*** Raw data Section Begins ***

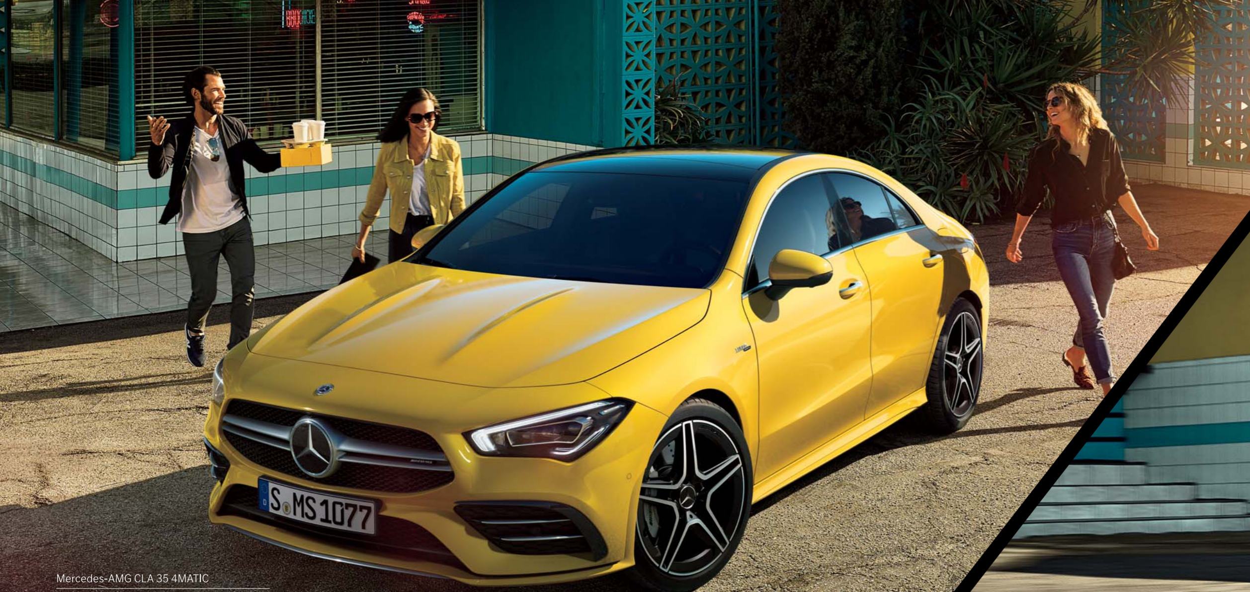
Mercedes-AMG CLA 35 4MATIC ボディカラーサンイエロー(ソリッドペイント) (有償オプション) 主要オプションアドバンスパッケージ (有償オプション) パノラミックスライディングルーフ (有償オプション)
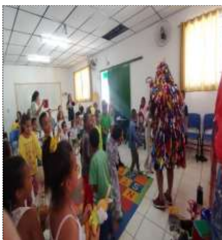
Semana da criança 14/10/22
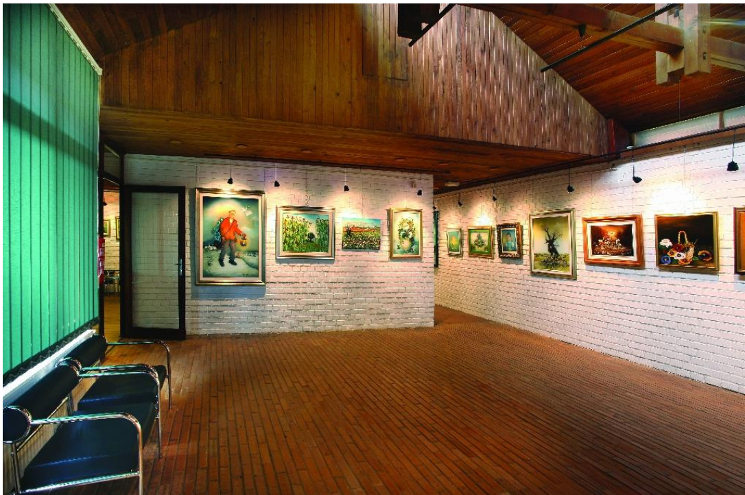
Slika 7. Galerija naivne umjetnosti u Hlebinama
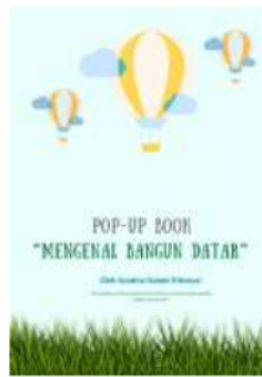
Gambar 1.2 Halaman Depan
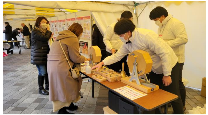
おにクイズラリー

*** Raw data Section Ends ***

(What you are asked to do): Exactly what appears in the records above must be returned, apart from the pictures.

(Task output):
Mercedes-AMG CLA 35 4MATIC ボディカラーサンイエロー(ソリッドペイント) (有償オプション) 主要オプションアドバンスパッケージ (有償オプション) パノラミックスライディングルーフ (有償オプション)
Semana da criança 14/10/22
Slika 7. Galerija naivne umjetnosti u Hlebinama
Gambar 1.2 Halaman Depan
おにクイズラリー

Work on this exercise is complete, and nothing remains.